-------- RECORDS FOR PROCESSING --------
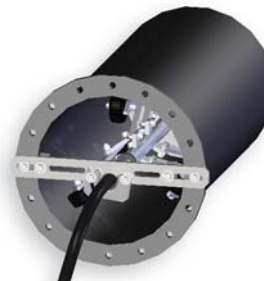
BJ 320 para 5inch para tubos 17"

Incluye abrazadera para asegurar pipe. O.D. de herramienta de asas es de 1 diámetros de pulgada de 1/2 o más grande.
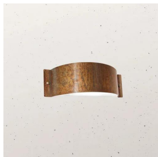
Il Fanale Decori applique per esterno 252.02
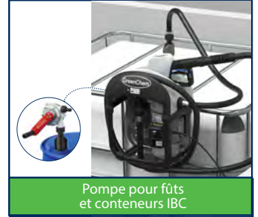
Pompe pour fûts et conteneurs IBC
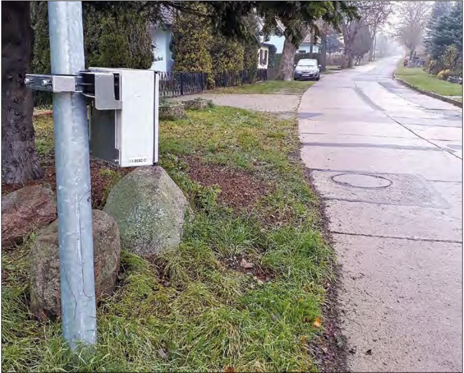
Objektiv: verdeckte Messung
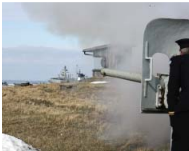
"Skjut två styck canonskått"

hissade fartyget röd signalflagga över blå och avgav salut med "ett styck canonskått". På detta svarade vi med att beordra svensk lösen med kommandot "skjut två styck canonskått" samtidigt som blå flagg hissades i signalmasten. När fartyget passerat halades den blå flaggan, och på ca 2 distansminuters avstånd halades även signalen "GMY" som vajad från masten på Donjonen.
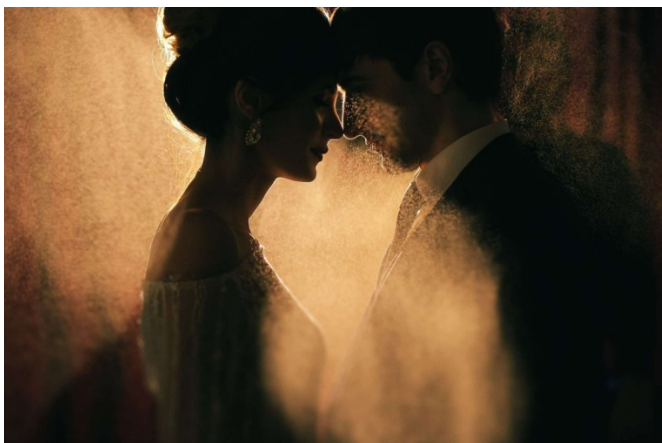
KUVA 9. Esimerkki valaisimen luovasta käytöstä (Kuvaja: Kemran Shiraliev, v. 2018, kuva on mukana tekijän luvalla).
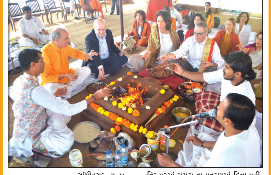
ગાંધીનગર, તા. ૯ આજે સવારથી ગાંધીનગરના સિમાડે રાંધેલા ચોકડી નજીક ખુશુમા વાતાવરણમાં વિસ્તારમાં સમગ્ર વાતાવરણમાં દિવ્યતાની અનુભૂતિ થઈ રહી હતી. સંસ્કૃતમાં ઉચ્ચારણ થઈ રહેલા આ શ્લોકો સાંભળીને એટલું તો
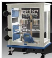
双盘分析天平- TG928C 品牌: 上海 价格: 0
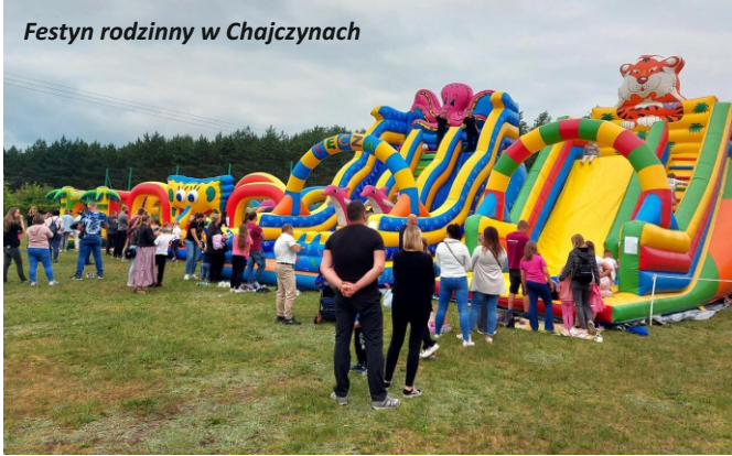
Festyn rodzinny w Chajczynach

Niemal w każdy weekend na terenie naszej gminy odbywają się pikniki i festyny rodzinne dla mieszkańców. Słoneczna pogoda sprzyja nie tylko spotkaniom, ale również rozwijaniu pasji i wymianie doświadczeń. Niejednokrotnie dzięki Kołom Gospodyń Wiejskich uczestnicy wydarzeń mogą skosztować lokalnych potraw i wypieków oraz spróbować swoich sił podczas różnorodnych warsztatów, czy sportowych zmag-
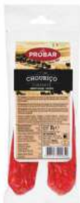
CHOURIÇO CORRENTE STANDARD SAUSAGE

ref. 320211 | 2956112 | 1,380 kg ref. 320246 | 5601117202469 | 500 g ref. 320262 | 5601117202629 | 200 g
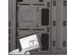
2- İsteddiğiniz sürücüyü yukarıdaki resimde gösterildiği gibi ilgili yere koyun.
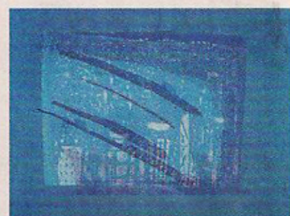
■劉掬色用藝術描出城市的空氣
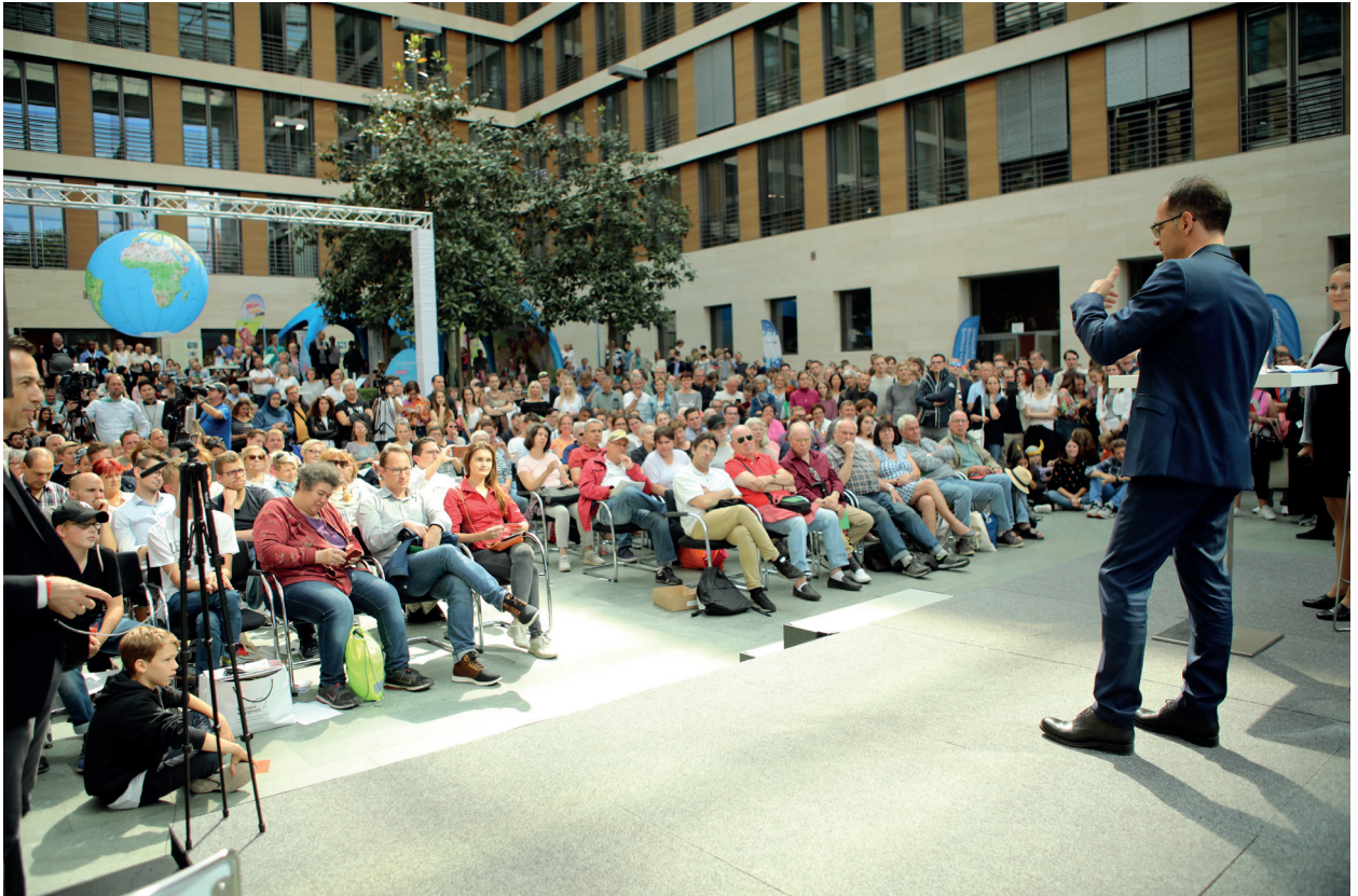
Reges Interesse beim Tag der offenen Tür der Bundesregierung: Außenminister Maas am 26. August 2018 im Lichthof des Auswärtigen Amts
--------
= EXERCISE AIM =
Copy only what lies between the line with "KUVA 9. Esimerkki" and the line with "Festyn rodzinny w Chajczynach", those two lines included, exactly as given above; pictures stay out.

= RESULT =
KUVA 9. Esimerkki valaisimen luovasta käytöstä (Kuvaja: Kemran Shiraliev, v. 2018, kuva on mukana tekijän luvalla).
ગાંધીનગર, તા. ૯ આજે સવારથી ગાંધીનગરના સિમાડે રાંધેલા ચોકડી નજીક ખુશુમા વાતાવરણમાં વિસ્તારમાં સમગ્ર વાતાવરણમાં દિવ્યતાની અનુભૂતિ થઈ રહી હતી. સંસ્કૃતમાં ઉચ્ચારણ થઈ રહેલા આ શ્લોકો સાંભળીને એટલું તો
双盘分析天平- TG928C 品牌: 上海 价格: 0
Festyn rodzinny w Chajczynach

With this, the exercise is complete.